▶ _TASK STATEMENT_: Only the lines below, from the one with "오를 수 있는 도구 앞에" through the one with "Futbolda ülkelerin Avrupa", are to be written out, exactly.

▶ _RECORDS FOR THE TASK_:
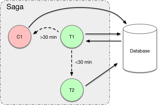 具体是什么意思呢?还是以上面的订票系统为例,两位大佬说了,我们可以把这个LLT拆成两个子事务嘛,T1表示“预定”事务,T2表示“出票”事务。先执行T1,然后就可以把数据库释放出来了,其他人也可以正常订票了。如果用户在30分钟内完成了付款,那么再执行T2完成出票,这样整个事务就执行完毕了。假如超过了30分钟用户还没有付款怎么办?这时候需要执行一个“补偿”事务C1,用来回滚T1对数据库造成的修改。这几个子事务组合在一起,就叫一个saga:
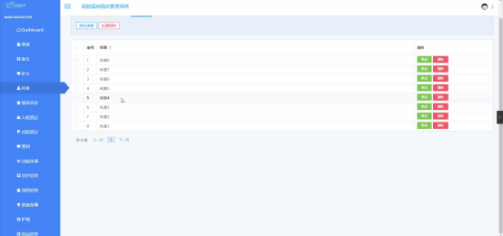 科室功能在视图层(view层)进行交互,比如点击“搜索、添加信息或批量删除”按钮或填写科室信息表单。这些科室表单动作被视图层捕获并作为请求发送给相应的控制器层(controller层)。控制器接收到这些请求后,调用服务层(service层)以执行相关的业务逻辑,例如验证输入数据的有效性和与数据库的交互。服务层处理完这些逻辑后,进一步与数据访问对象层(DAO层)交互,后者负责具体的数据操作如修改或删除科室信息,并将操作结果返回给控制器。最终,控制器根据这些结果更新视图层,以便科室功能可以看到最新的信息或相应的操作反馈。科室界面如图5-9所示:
==
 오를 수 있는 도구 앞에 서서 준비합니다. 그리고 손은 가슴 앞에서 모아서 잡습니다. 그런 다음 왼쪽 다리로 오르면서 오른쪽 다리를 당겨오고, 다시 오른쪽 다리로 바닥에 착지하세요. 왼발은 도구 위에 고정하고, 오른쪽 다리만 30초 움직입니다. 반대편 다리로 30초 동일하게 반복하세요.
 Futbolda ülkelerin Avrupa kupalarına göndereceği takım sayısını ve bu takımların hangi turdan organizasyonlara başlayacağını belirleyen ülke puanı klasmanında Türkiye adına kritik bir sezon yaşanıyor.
* * *
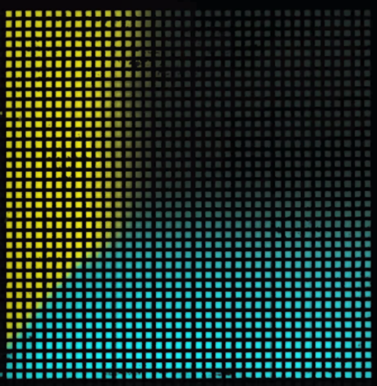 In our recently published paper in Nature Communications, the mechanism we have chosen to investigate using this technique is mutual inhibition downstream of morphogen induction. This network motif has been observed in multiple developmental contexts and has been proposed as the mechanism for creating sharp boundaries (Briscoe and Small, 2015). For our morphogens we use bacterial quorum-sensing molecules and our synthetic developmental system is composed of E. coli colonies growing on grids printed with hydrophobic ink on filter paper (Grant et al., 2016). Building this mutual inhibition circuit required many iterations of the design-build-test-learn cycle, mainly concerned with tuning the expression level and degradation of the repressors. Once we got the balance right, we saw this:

▶ _YOUR RESPONSE_:
 오를 수 있는 도구 앞에 서서 준비합니다. 그리고 손은 가슴 앞에서 모아서 잡습니다. 그런 다음 왼쪽 다리로 오르면서 오른쪽 다리를 당겨오고, 다시 오른쪽 다리로 바닥에 착지하세요. 왼발은 도구 위에 고정하고, 오른쪽 다리만 30초 움직입니다. 반대편 다리로 30초 동일하게 반복하세요.
 Futbolda ülkelerin Avrupa kupalarına göndereceği takım sayısını ve bu takımların hangi turdan organizasyonlara başlayacağını belirleyen ülke puanı klasmanında Türkiye adına kritik bir sezon yaşanıyor.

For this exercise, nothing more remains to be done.